Diagnostic utility of Ki-67 and Cyclin D1 immunostaining in differentiation of psoriasis vs. other psoriasiform dermatitis

Diagnostic utility of Ki-67 and Cyclin D1 immunostaining in differentiation of psoriasis vs. other psoriasiform dermatitis

Authors

  • Engin Sezer Department of Dermatology, Acibadem University School of Medicine, Istanbul, Turkey
  • Almut Böer-Auer Department of Dermatology, Dermatologikum, Hamburg, Germany
  • Emel Cetin Department of Pathology, Acibadem University School of Medicine, Istanbul, Turkey
  • Fatma Tokat Department of Pathology, Acibadem University School of Medicine, Istanbul, Turkey
  • Emel Durmaz Department of Dermatology, Acibadem University School of Medicine, Istanbul, Turkey
  • Sedef Sahin Department of Dermatology, Acibadem University School of Medicine, Istanbul, Turkey
  • Umit Ince Department of Pathology, Acibadem University School of Medicine, Istanbul, Turkey

Keywords:

psoriasis, psoriasiform dermatitis, proliferation, Ki-67, Cyclin D1

Abstract

Background: Differentiation of psoriasis from non-psoriasis psoriasiform dermatitis (NPPD) may be difficult for dermatopathologists, as lack of distinctive histopathological features in a subset of cases may cause confusion in diagnosis.
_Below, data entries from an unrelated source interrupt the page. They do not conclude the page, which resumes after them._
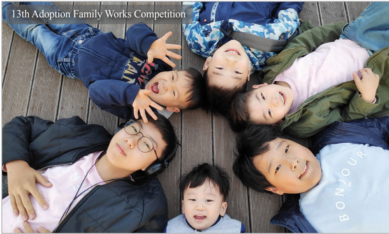
13th Adoption Family Works Competition

Overseas Residents and foreign residents in Korea who would like to donate to Holt Children's Services can be a Holt sponsor through the methods below.
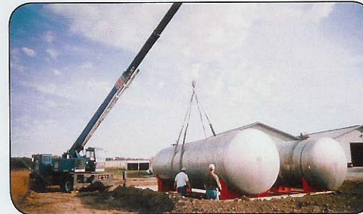
Agriculture Tank Farm
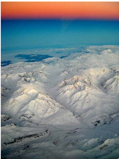
At dawn in the Andes

http://en.keilir.net/keilir/about_keilir/gallery/conference_on_eyjafjallajokull_and_aviation
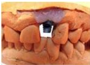
1. Angulated abutment on master cast
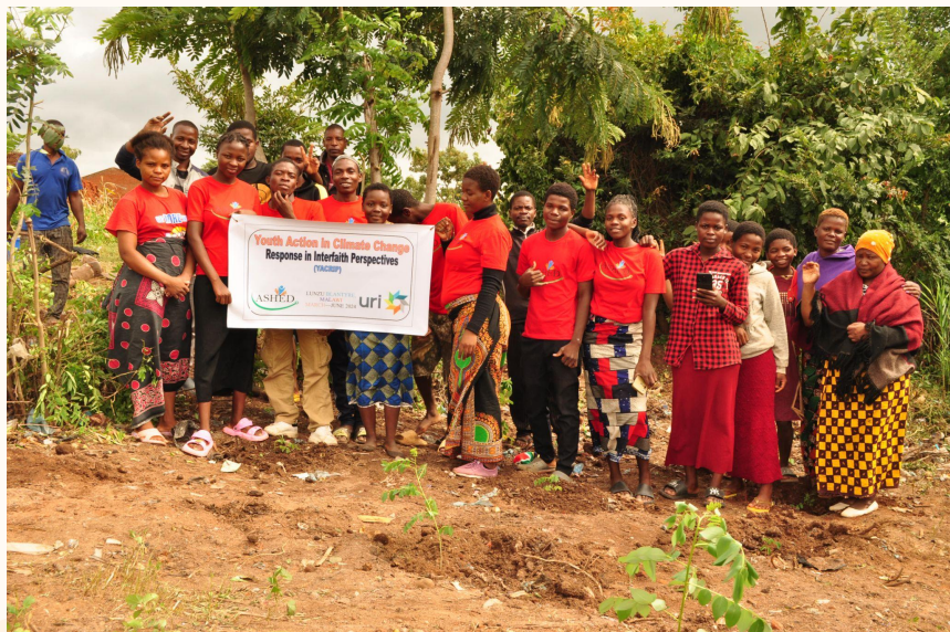
ASHED Team and Community Members at planting site
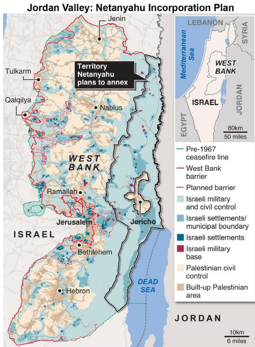
Map credit: Graphic News

Control of the Valley ensures Israel's ability to reliably detect and intercept terrorists, smugglers and others seeking to infiltrate either the West Bank or Jordan, thereby ensuring any Palestinian entity – including a possible future state – would remain demilitarized, which any Israeli government would insist upon. For example, Jordanian troops and armor invaded through the Valley when Israel did not control the area in 1948 and 1967, but notably refrained from attacking when Israel controlled it during the 1973 Yom Kippur War. Israel's experience with Gaza further underscores this imperative. It controlled a strip along the Gaza-Egypt border called the Philadelphi Corridor, which enabled the IDF to intercept cross-border weapons smuggling both ways between Gaza and Sinai. Upon leaving Gaza in 2005, the IDF also left this buffer zone, leading to drastically increased rocket fire on Israeli population centers, including wars in 2008-09, 2012 and 2014.

Objective: As the prototype of psoriasiform dermatitis, psoriasis is a hyperproliferative skin disorder with increased epidermal turnover compared with NPPD, we investigated the role of proliferation markers, Ki-67 and Cyclin D1 as diagnostic tools to differentiate psoriasis from other psoriasiform dermatitis.

Methods: Histopathological specimens of psoriasis (n = 35) and NPPD (n = 36, 14 pityriasis rubra pilaris, 12 pityriasis rosea and 10 lichen simplex) cases were reviewed and immunohistochemically stained for Ki-67 and Cyclin D1. Ki-67 and Cyclin D1 positive cells were counted for suprabasal, and total epidermal immunostaining per mm2.

Results: Suprabasal and total epidermal cell counts for Ki-67 were found to be significantly higher in the psoriasis group compared with the NPPD group (< 0.05). An important and interesting feature was the presence of a cut-off value for the suprabasal/total epidermal cell count ratio of 75% for Ki-67 immunostaining, which was higher in all patients having psoriasis (range, 77.1% – 92.4%) and lower in all NPPD cases (range, 21.0% – 73.3%). However, suprabasal Cyclin D1 cell counts were higher in the psoriasis group compared with the NPPD group (< 0.05), total epidermal Cyclin D1 cell counts were not statistically significant in either group (= 0.167), and a cut-off value for suprabasal/total epidermal cell count ratio to distinguish these two entities was not detected using this immunostain.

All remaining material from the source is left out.